===== Dataset extract =====
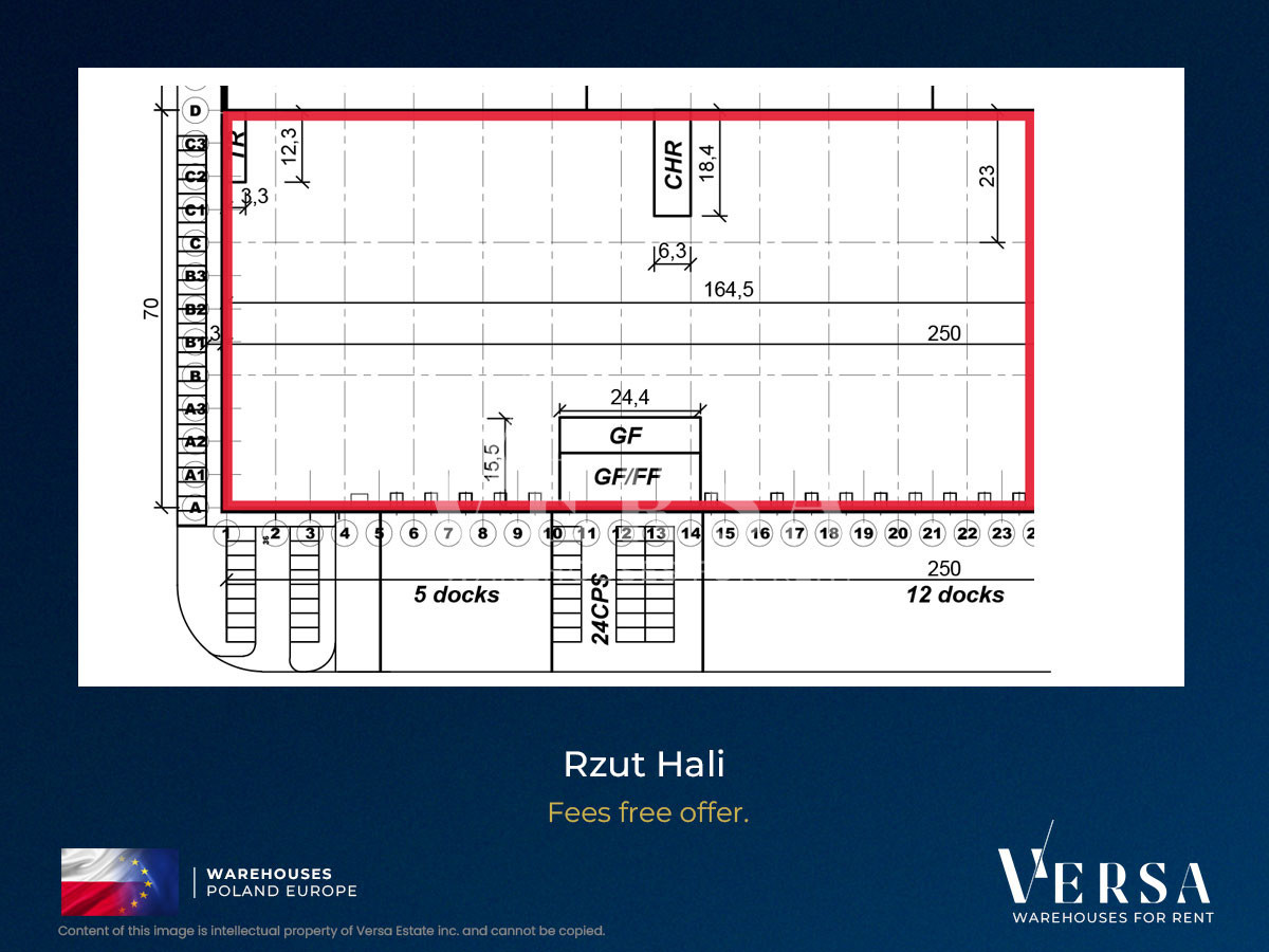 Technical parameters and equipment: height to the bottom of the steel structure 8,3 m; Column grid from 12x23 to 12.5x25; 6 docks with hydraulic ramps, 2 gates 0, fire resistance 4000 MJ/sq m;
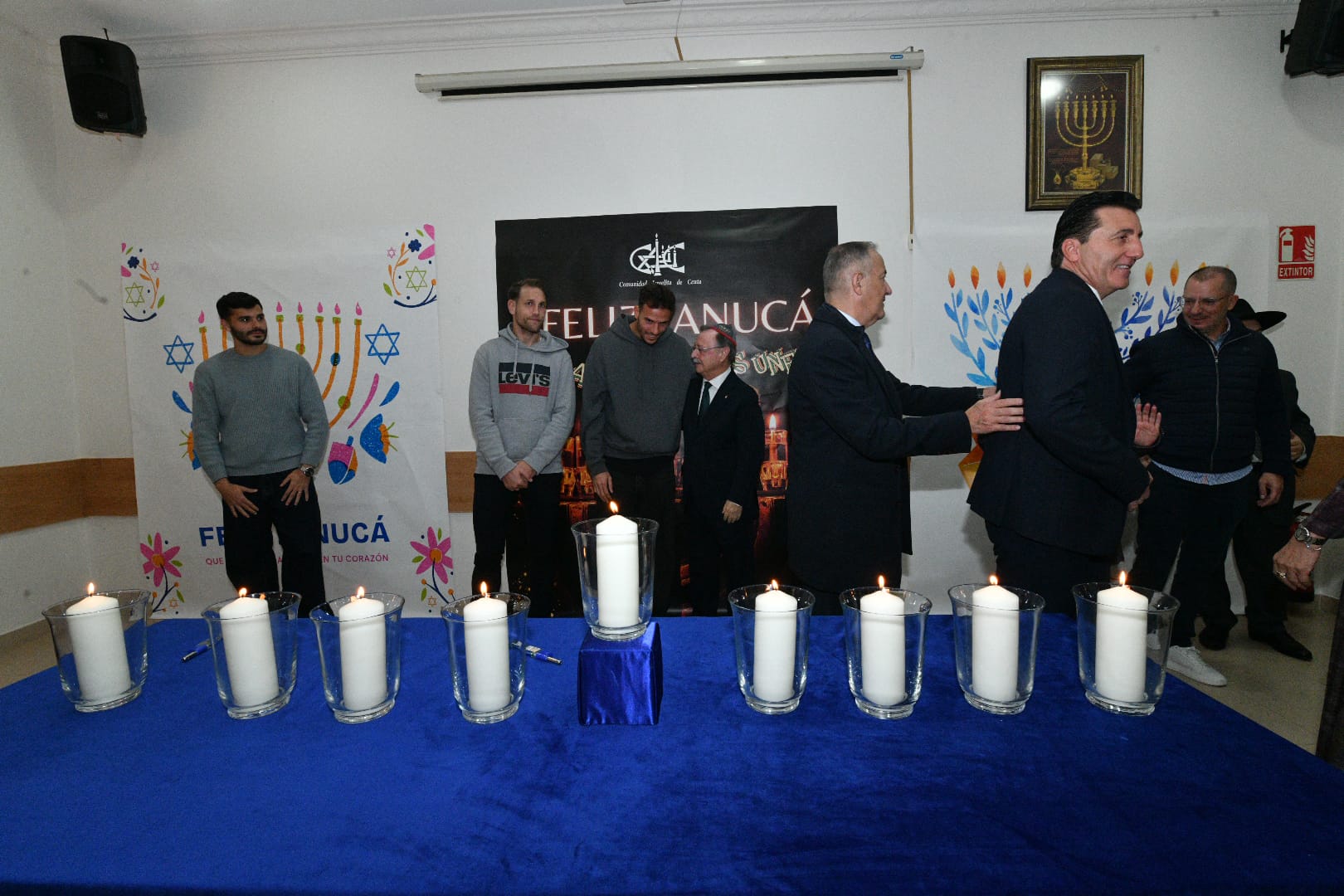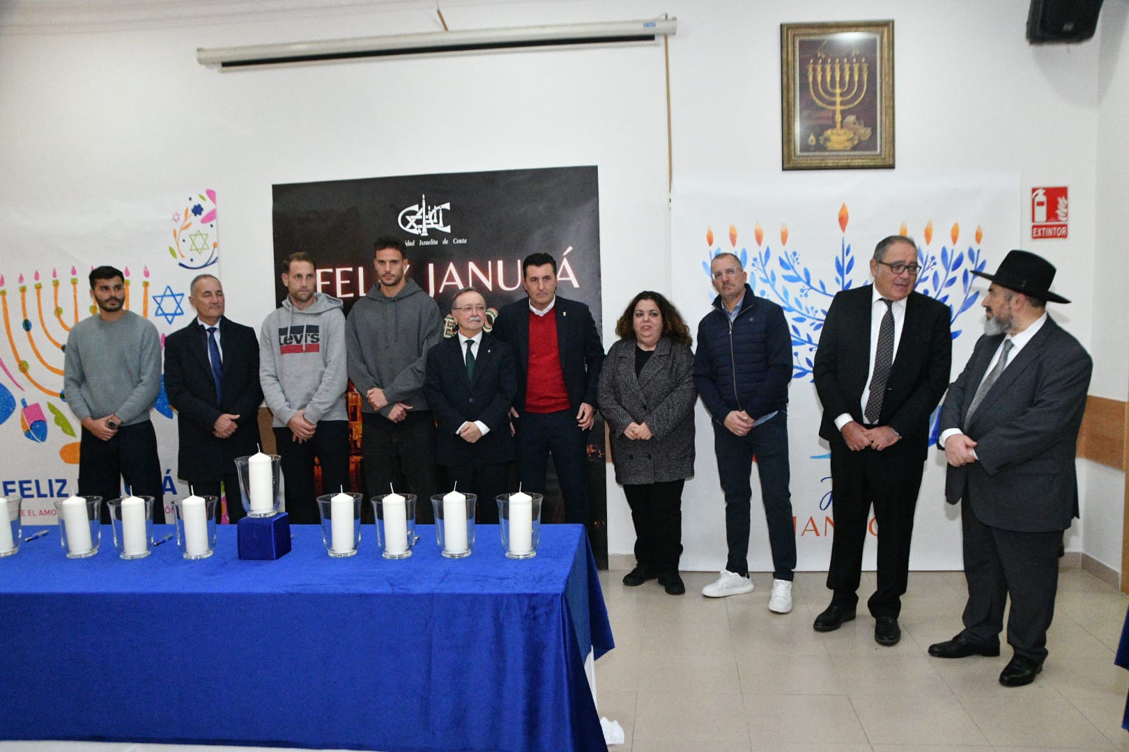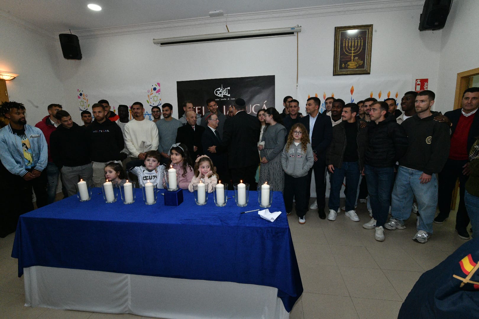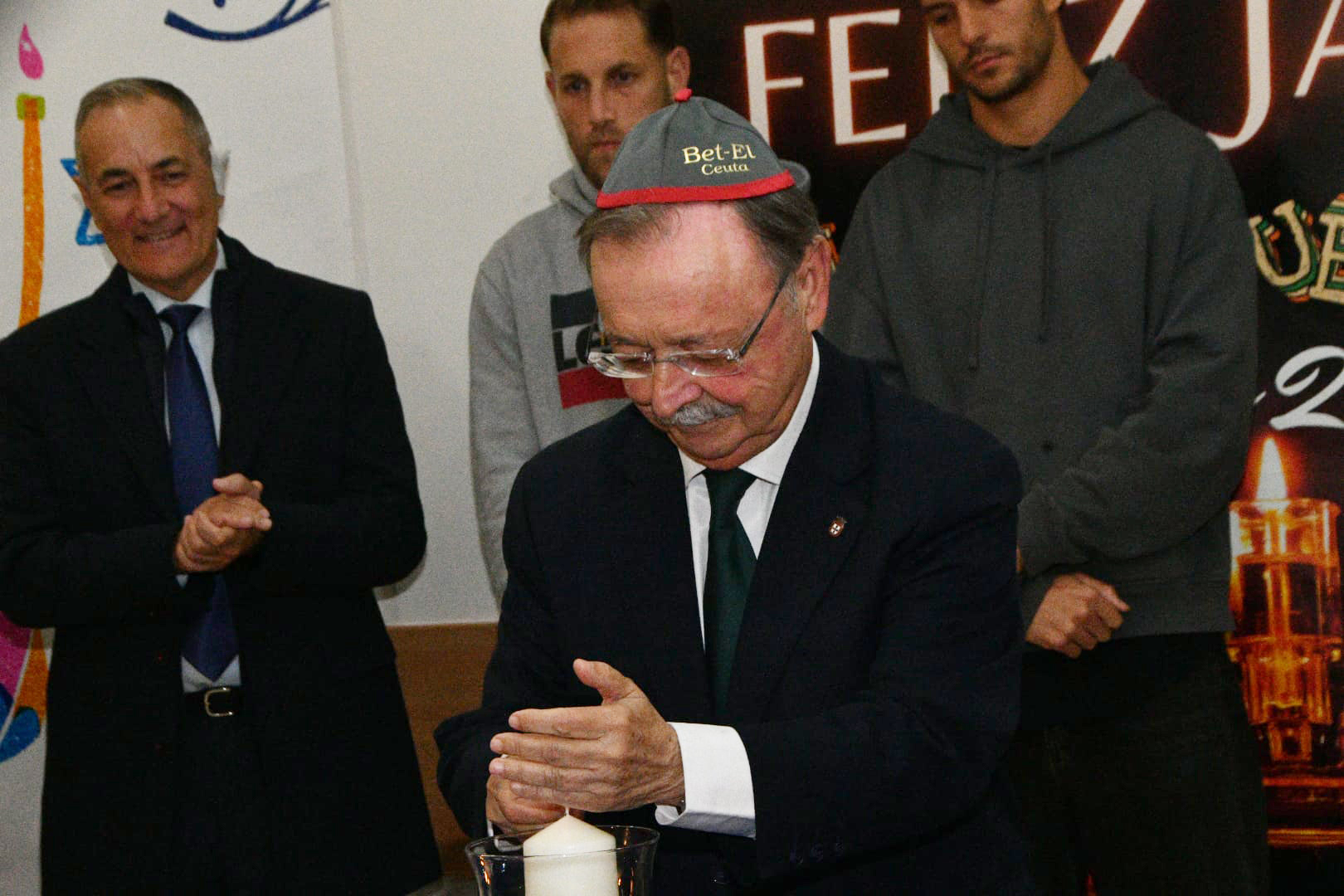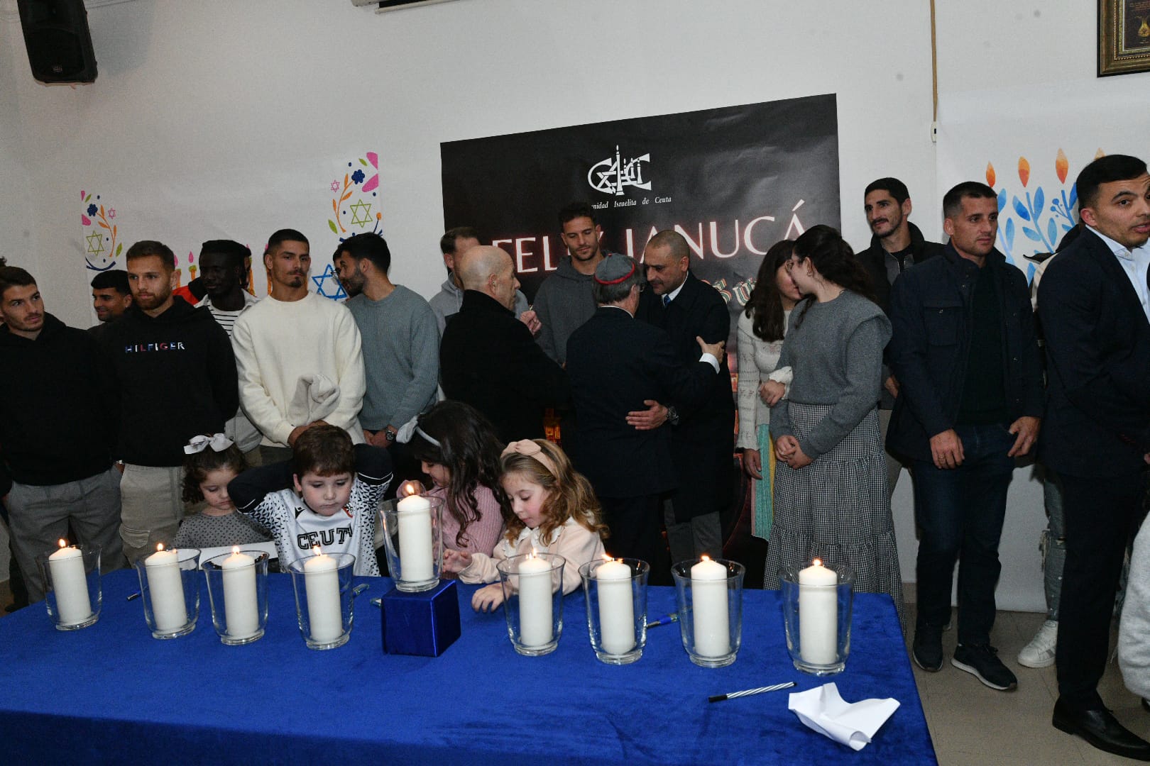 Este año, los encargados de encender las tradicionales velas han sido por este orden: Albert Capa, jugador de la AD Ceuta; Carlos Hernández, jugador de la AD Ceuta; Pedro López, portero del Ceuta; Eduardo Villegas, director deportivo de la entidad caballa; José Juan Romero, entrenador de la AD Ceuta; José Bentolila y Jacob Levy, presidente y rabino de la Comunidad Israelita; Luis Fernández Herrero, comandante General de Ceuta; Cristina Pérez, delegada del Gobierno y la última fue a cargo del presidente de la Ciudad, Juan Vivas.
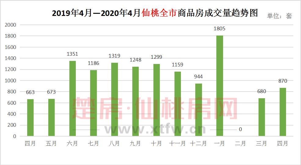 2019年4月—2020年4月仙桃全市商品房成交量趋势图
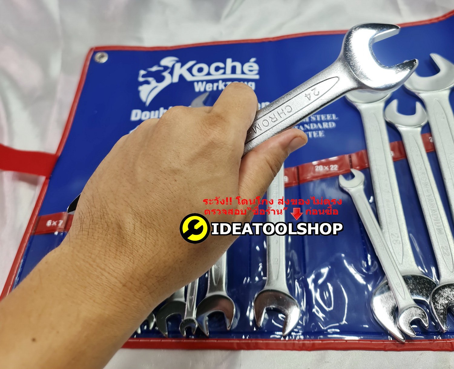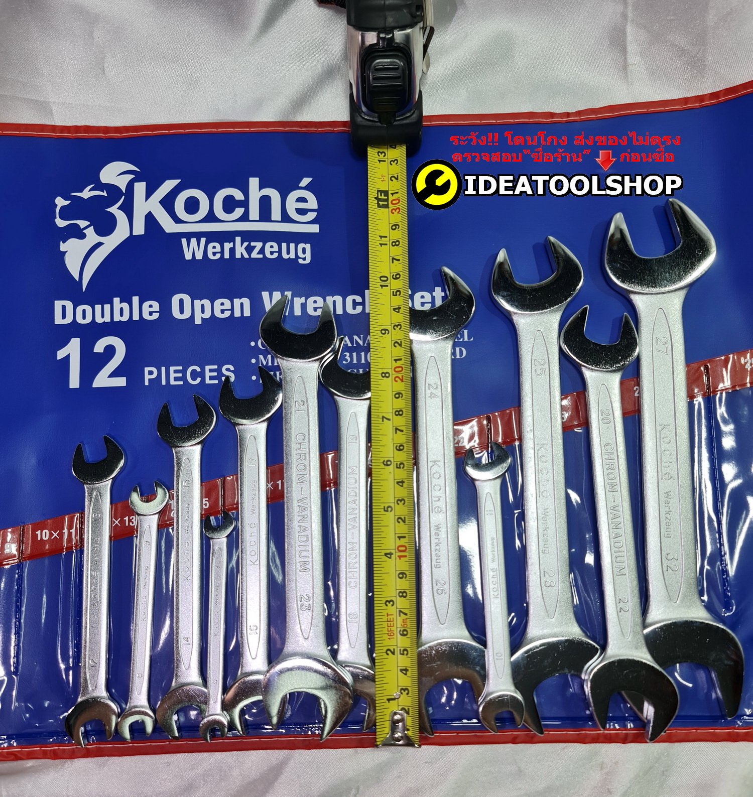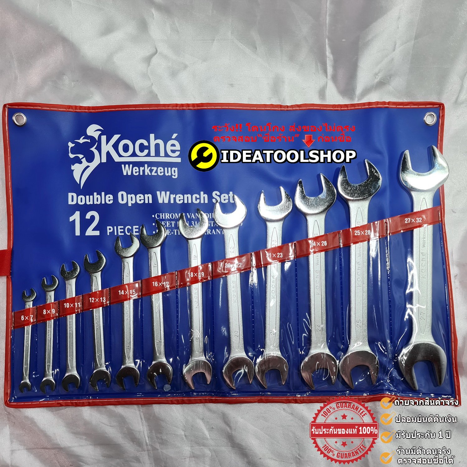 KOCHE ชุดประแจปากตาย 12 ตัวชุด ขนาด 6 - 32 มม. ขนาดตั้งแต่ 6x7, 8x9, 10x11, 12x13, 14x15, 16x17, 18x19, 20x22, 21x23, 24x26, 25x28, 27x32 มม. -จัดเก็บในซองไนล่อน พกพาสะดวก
=====
Print out the material verbatim, skipping pictures.

 Technical parameters and equipment: height to the bottom of the steel structure 8,3 m; Column grid from 12x23 to 12.5x25; 6 docks with hydraulic ramps, 2 gates 0, fire resistance 4000 MJ/sq m;
 Este año, los encargados de encender las tradicionales velas han sido por este orden: Albert Capa, jugador de la AD Ceuta; Carlos Hernández, jugador de la AD Ceuta; Pedro López, portero del Ceuta; Eduardo Villegas, director deportivo de la entidad caballa; José Juan Romero, entrenador de la AD Ceuta; José Bentolila y Jacob Levy, presidente y rabino de la Comunidad Israelita; Luis Fernández Herrero, comandante General de Ceuta; Cristina Pérez, delegada del Gobierno y la última fue a cargo del presidente de la Ciudad, Juan Vivas.
 2019年4月—2020年4月仙桃全市商品房成交量趋势图
 KOCHE ชุดประแจปากตาย 12 ตัวชุด ขนาด 6 - 32 มม. ขนาดตั้งแต่ 6x7, 8x9, 10x11, 12x13, 14x15, 16x17, 18x19, 20x22, 21x23, 24x26, 25x28, 27x32 มม. -จัดเก็บในซองไนล่อน พกพาสะดวก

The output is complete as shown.